There may be other ways, easiest way is to write a script that gets the cluster
status, and for each collection per replica you will have these details:
"collections":{
“collection1":{
"pullReplicas":"0",
"replicationFactor":"1",
"shards":{
"shard1":{
"range":"80000000-8ccbffff",
"state":"active",
"replicas":{"core_node33":{
"core”:"collection1_shard1_replica_n30",
"base_url":"http://host:port/solr",
"node_name”:”host:port",
"state":"active",
"type":"NRT",
"force_set_state":"false",
"leader":"true"}}},
For each replica of each shard make a localized call for numRecords:
base_url/core/sleect?q=*:*&shard=shardX&distrib=false&rows=0
If you have replicas that disagree with each other with the number of records
per shard then u have an issue with replicas not being in sync for a collection.

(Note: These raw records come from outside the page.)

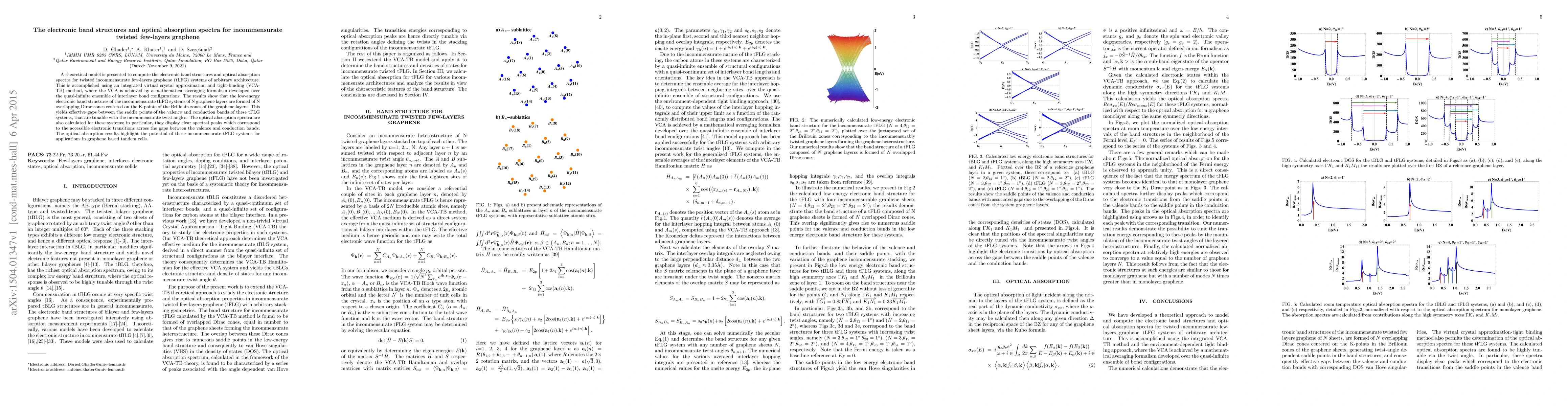 This paper presents a theoretical model using VCA-TB to analyze the electronic band structures and optical absorption spectra of twisted incommensurate few-layers graphene, revealing tunable effective gaps and distinct spectral peaks, suggesting potential for tandem cell applications.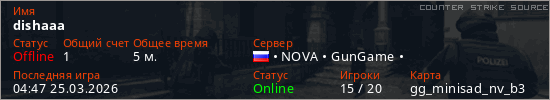 Играет на Counter Strike Source сервере. Страна: РоссияПервый раз замечен 04:45 25.03.2026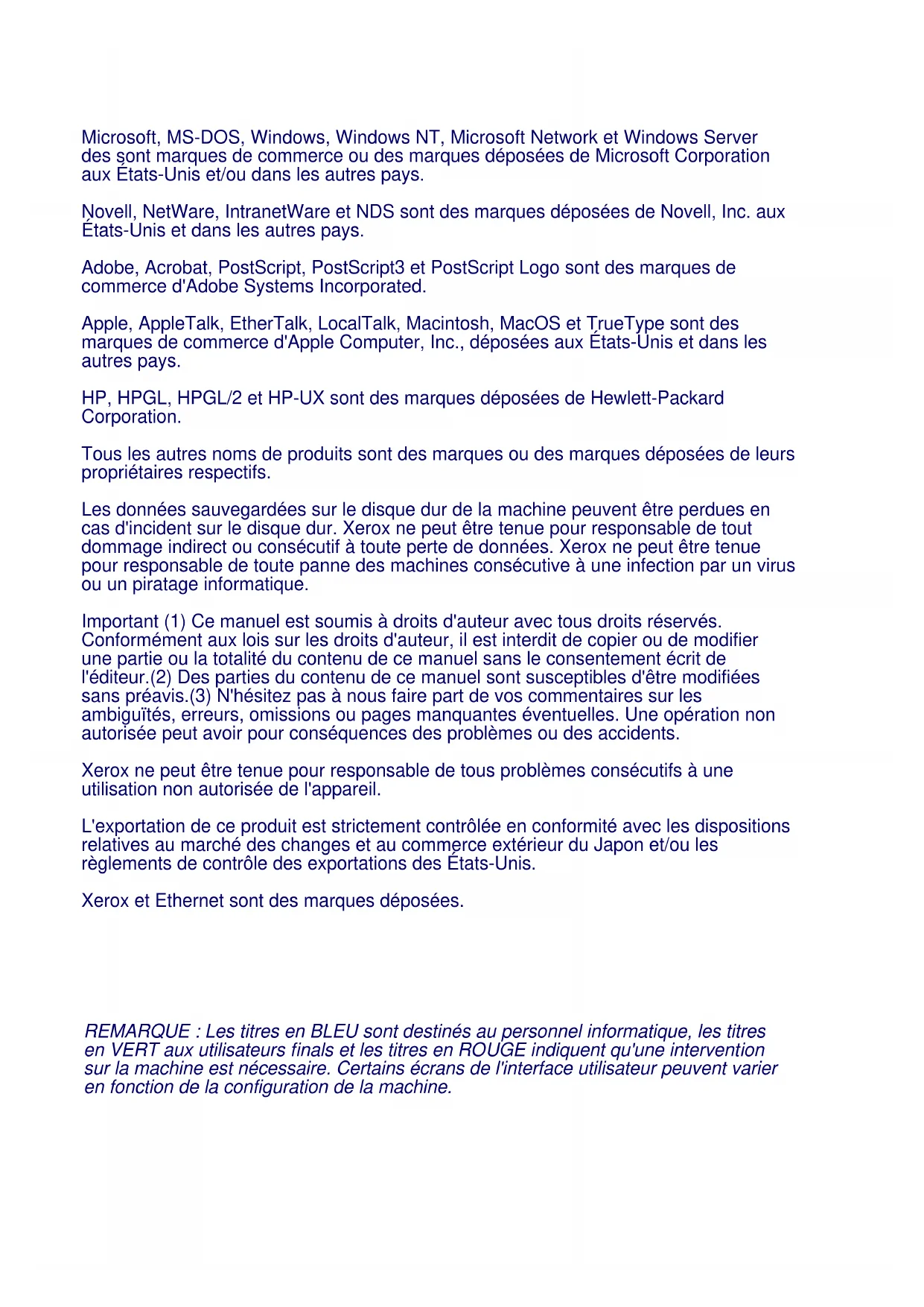 Guide d'utilisation rapide WorkCentre 7228/7235/7245 701P44879REMARQUE : Les titres en BLEU sont destinés au personnel informatique, les titres en VERT aux utilisateurs finals et les titres en ROUGE indiquent qu'une intervention sur la machine est nécessaire. Certains écrans de l'interface utilisateur peuvent varier en fonction de la configuration de la machine. Microsoft, MS-DOS, Windows, Windows NT, Microsoft Network et Windows Server des sont marques de commerce ou des marques déposées de Microsoft Corporation aux États-Unis et/ou dans les autres pays. Novell, NetWare, IntranetWare et NDS sont des marques déposées de Novell, Inc. aux États-Unis et dans les autres pays. Adobe, Acrobat, PostScript, PostScript3 et PostScript Logo sont des marques de commerce d'Adobe Systems Incorporated. Apple, AppleTalk, EtherTalk, LocalTalk, Macintosh, MacOS et TrueType sont des marques de commerce d'Apple Computer, Inc., déposées aux États-Unis et dans les autres pays. HP, HPGL, HPGL/2 et HP-UX sont des marques déposées de Hewlett-Packard Corporation. Tous les autres noms de produits sont des marques ou des marques déposées de leurs propriétaires respectifs. Les données sauvegardées sur le disque dur de la machine peuvent être perdues en cas d'incident sur le disque dur. Xerox ne peut être tenue pour responsable de tout dommage indirect ou consécutif à toute perte de données. Xerox ne peut être tenue pour responsable de toute panne des machines consécutive à une infection par un virus ou un piratage informatique. Important (1) Ce manuel est soumis à droits d'auteur avec tous droits réservés. Conformément aux lois sur les droits d'auteur, il est interdit de copier ou de modifier une partie ou la totalité du contenu de ce manuel sans le consentement écrit de l'éditeur.(2) Des parties du contenu de ce manuel sont susceptibles d'être modifiées sans préavis.(3) N'hésitez pas à nous faire part de vos commentaires sur les ambiguïtés, erreurs, omissions ou pages manquantes éventuelles. Une opération non autorisée peut avoir pour conséquences des problèmes ou des accidents. Xerox ne peut être tenue pour responsable de tous problèmes consécutifs à une utilisation non autorisée de l'appareil. L'exportation de ce produit est strictement contrôlée en conformité avec les dispositions relatives au marché des changes et au commerce extérieur du Japon et/ou les règlements de contrôle des exportations des États-Unis. Xerox et Ethernet sont des marques déposées.WorkCentre 7228/7235/7245 WorkCentre 7228/7235/7245 Guide d'utilisation rapide Table des matières Panneau de commande Impression d'un relevé de configuration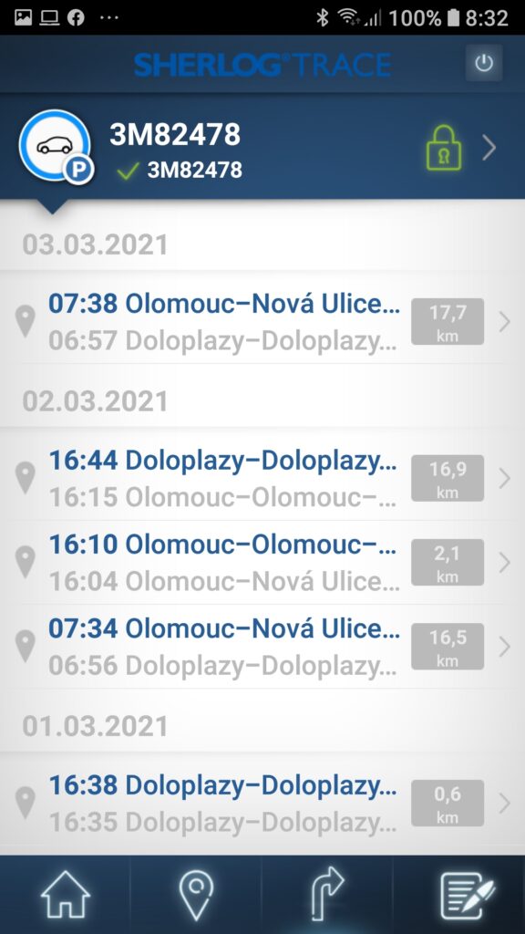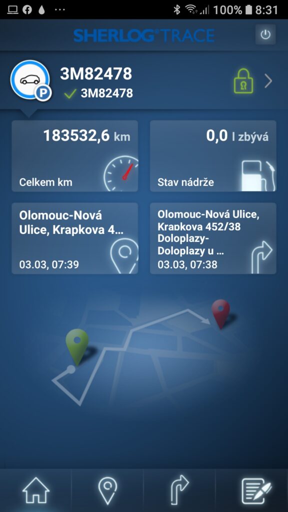 • sledování vykazovaných kilometrů – možnost změnit status jízdy na soukromou/služební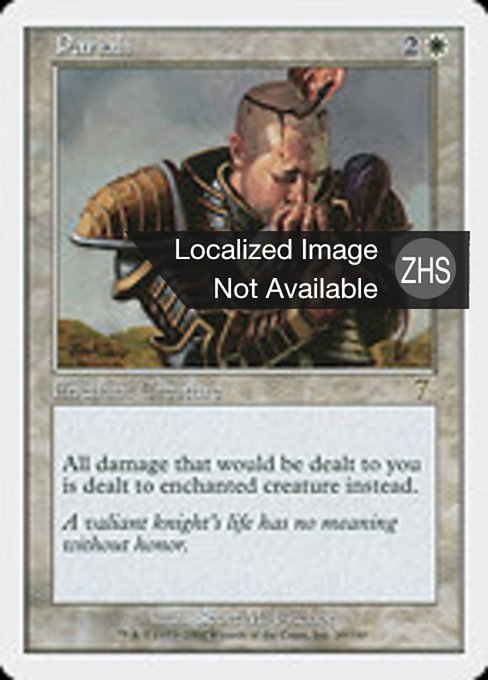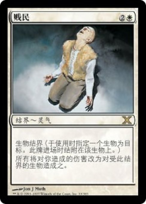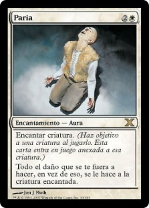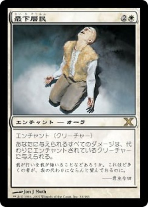 ![]() Variations— Parts— | 贱民生物结界(于使用时指定一个生物为目标。 此牌进场时结附在该生物上。) 所有将对你造成的伤害改为对受此结界的生物造成之。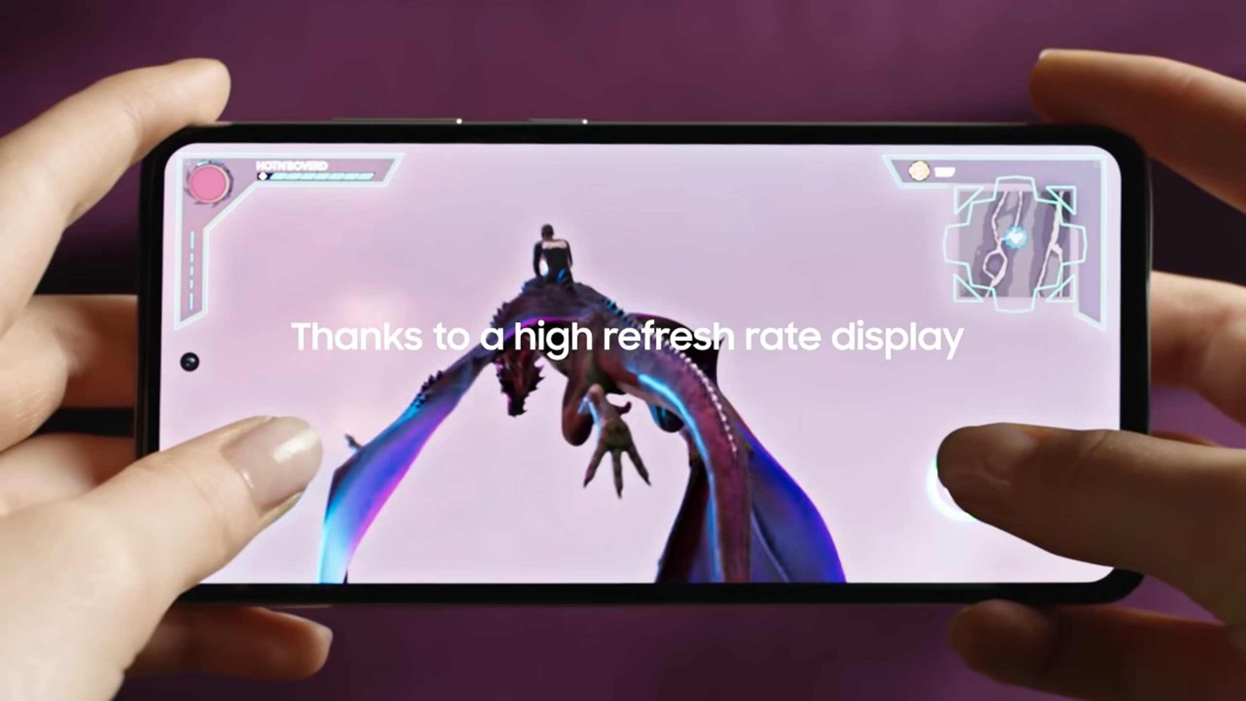 ประสิทธิภาพของจอก็สำคัญไม่แพ้กัน Galaxy A72 จึงมาพร้อมกับรีเฟรชเรทที่ 90Hz ให้การตอบสนองไว ภาพกราฟฟิกลื่นไหลไม่กระตุก และสามารถโฟกัสข้าศึกได้ชัดขึ้นด้วยหน้าจอ Infinity-O ขนาดใหญ่เต็มตาถึง 6.7 นิ้ว คุณภาพระดับ Super AMOLED FHD+ ให้ภาพสวยคมชัด สมจริง พร้อมปรับความสว่างได้สูงสุดถึง 800 nits[1] นอกจากนี้ สำหรับใครที่นิยมเล่นแบบมาราธอน ซัมซุงขอส่งตัวช่วย #Saveสายตา ด้วยเทคโนโลยี Eye Comfort Shield[2] ช่วยลดความเมื่อยล้าของดวงตาแม้เล่นเกมต่อเนื่อง สามารถลดแสงสีฟ้าได้มากกว่าหน้าจอแบบ LCD ถึง 43% เลยทีเดียว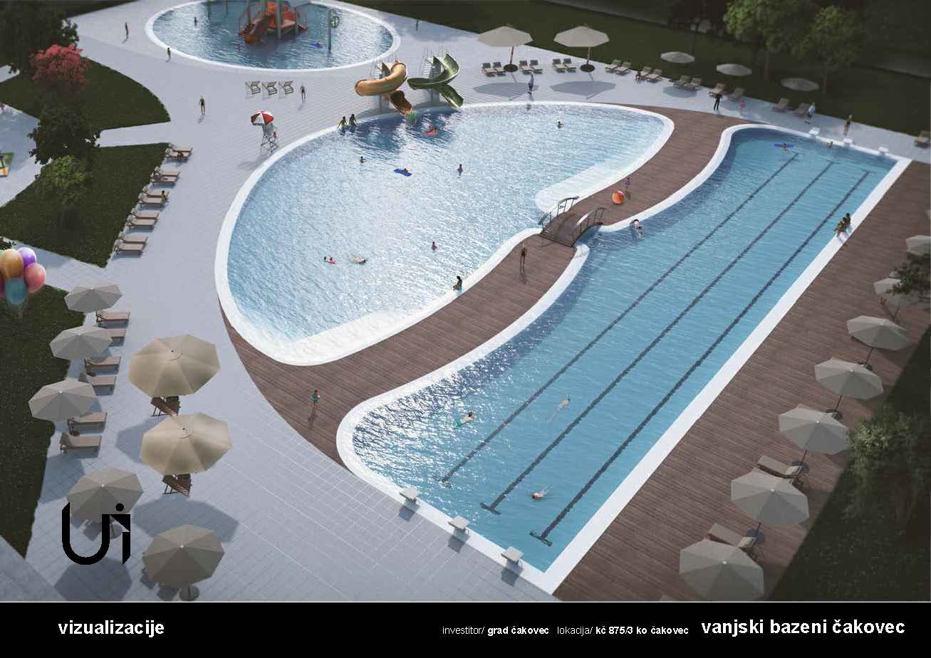 Pritom je prisjetila kako će prostor vanjskih bazena činiti četiri osnovne funkcionalne zone: “javna” zona, dječja zona, lounge zona i zona središnje vodene površine, svaka sa svojim karakterističnim sadržajima i ambijentom. U zgradi vanjskog ulaza bit će smješteni prostori blagajne, kabina za presvlačenje s garderobom, sanitarije te prostori za pružanje hitne medicinske pomoći. Glavni bazen osmišljen je kao vodena površina podijeljena u zonu za plivanje i zonu za “boravak u vodi”, međusobno povezan kanalom, preko kojeg prolazi most. Unutar zone za plivanje moguća je postavka četiri plivačke trake predviđene za plivačke treninge i rekreativno plivanje. U sklopu glavnog bazena, očekuje nas hidromasažna zona, s ležećim i sjedećim masažama, vodeni slapovi, gejziri i tobogan.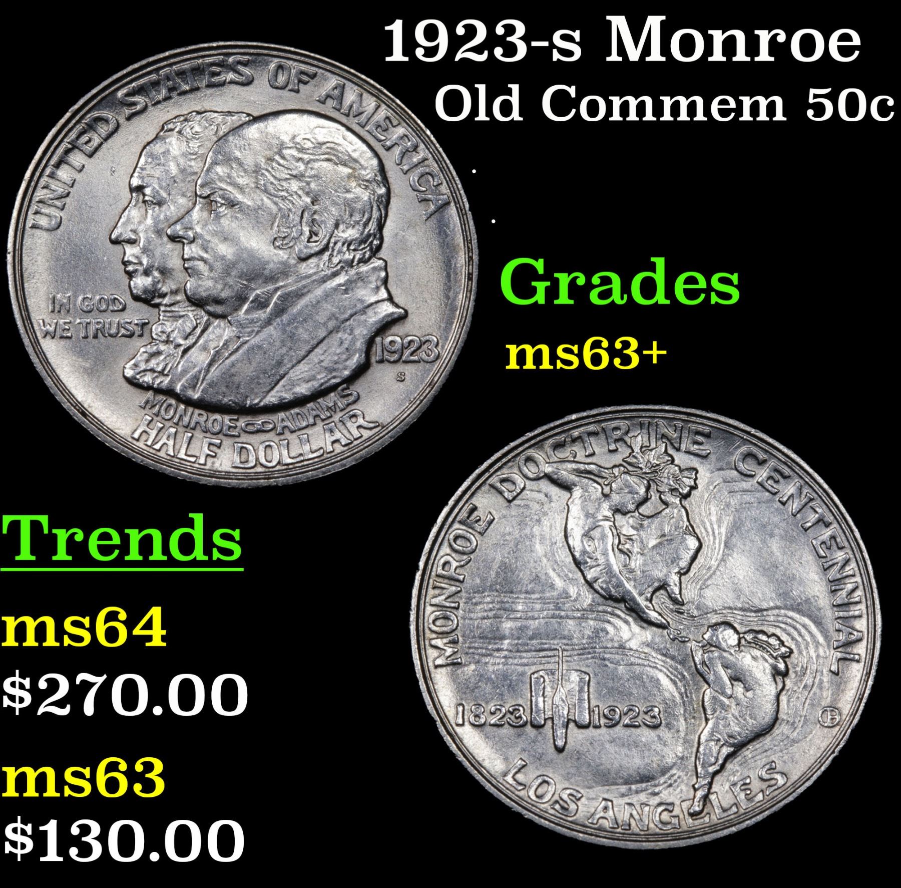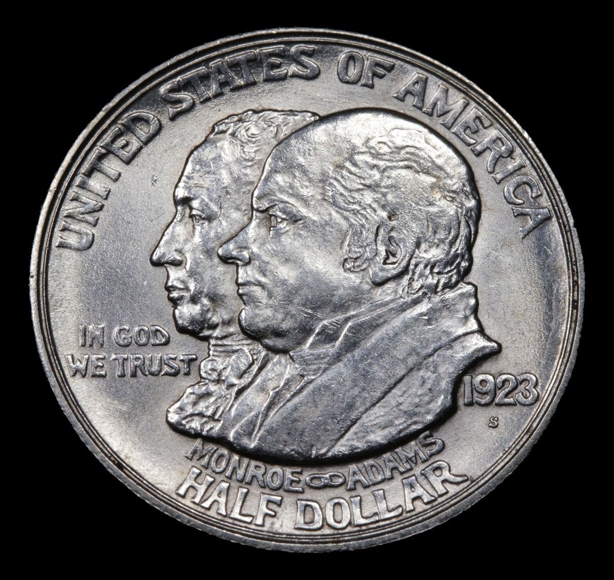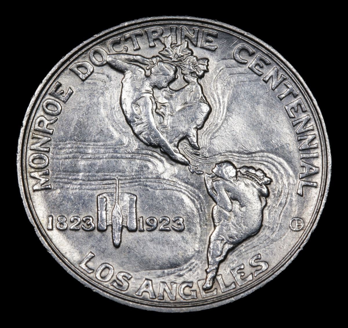 1923-s Monroe . . Old Commem Half Dollar 50c Grades Select+ Unc. One may think that the Reverse of the Two Continents of The Western Hemisphere but upon closer examination you will see that they are two women bent into the general shapes of the two continents. When examining a Monroe Commemorative the cheeks of the two statesmen on the obverse and the figures that represent the two continents on the reverse are the highpoints and will show wear first.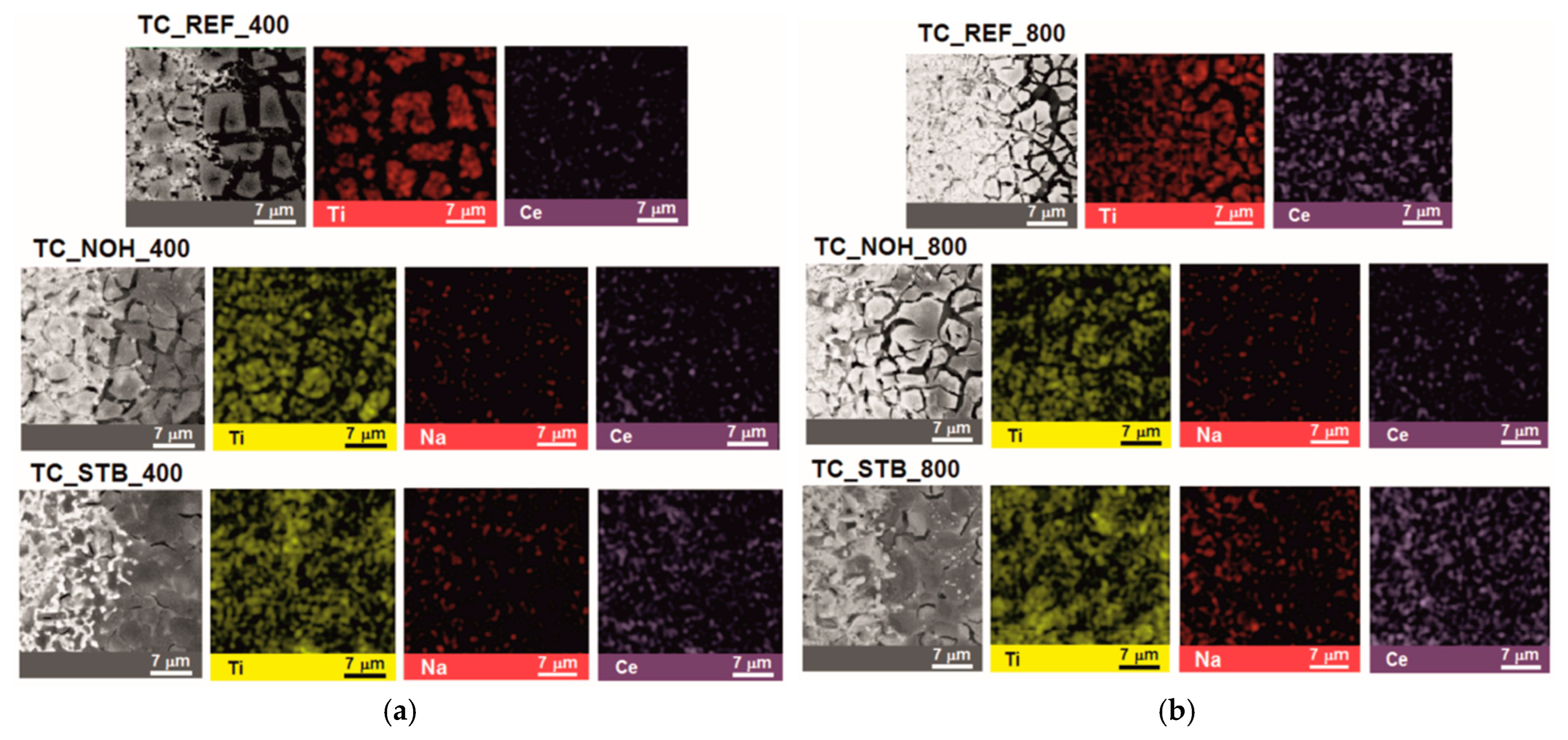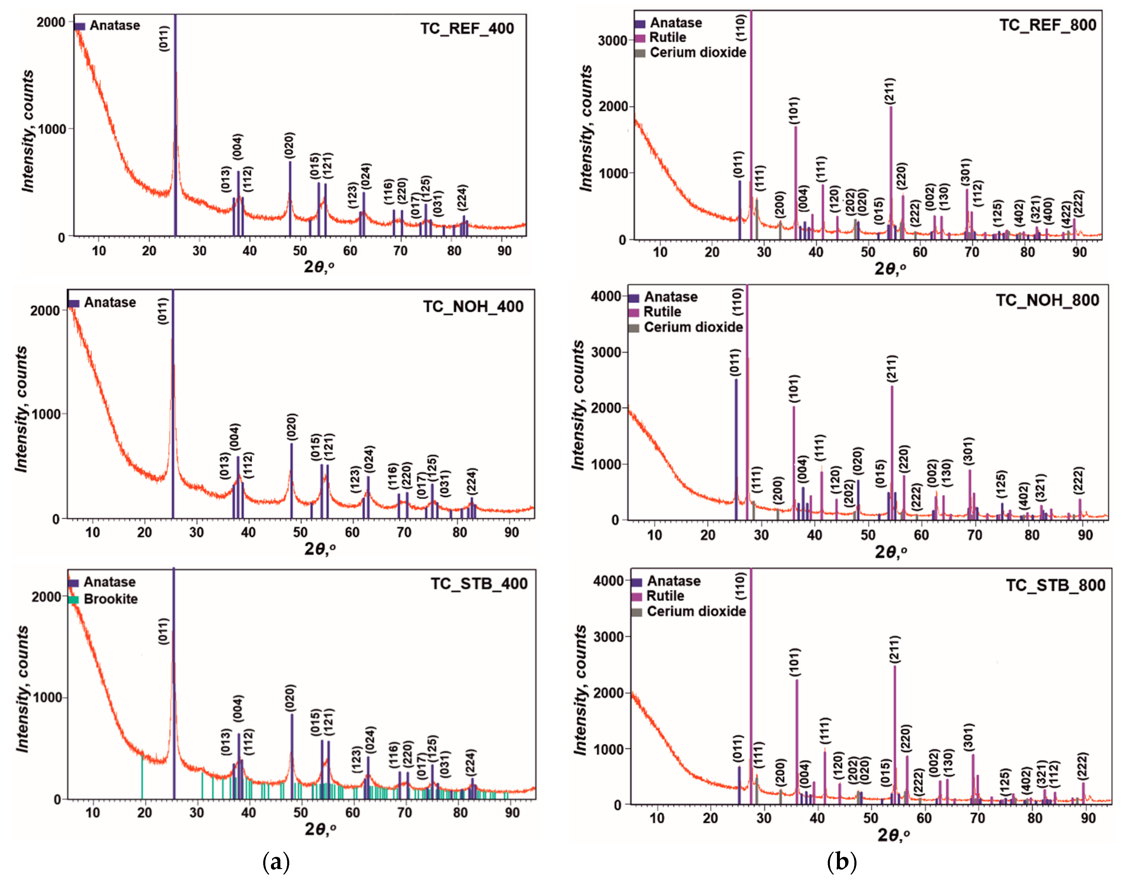 - For samples, sintered at 800 °C: TC_REF_800—anatase 31.8 nm, rutile 69.1 nm, and cerium dioxide 56.1 nm; TC_NOH_800—anatase 53.2 nm, rutile 93.8 nm, and cerium dioxide 43.9 nm; TC_STB_800—anatase 132.4 nm, rutile 89.8 nm, and cerium dioxide 25.7 nm.

This is what I meant when I said “replicas out of sync”.
Your situation was actually very simple :) one of you collections has less data.
You seem to have a sync requirement between collections which is interesting,
but thats beyond solr.
Your inter collection sync script needs some debugging most likely :)
> On Aug 12, 2020, at 4:29 PM, Jae Joo <[email protected]> wrote:
>
> Good question. How can I validate if the replicas are all synched?
>
>
> On Wed, Aug 12, 2020 at 7:28 PM Jae Joo <[email protected]> wrote:
>
>> numFound is same but different score.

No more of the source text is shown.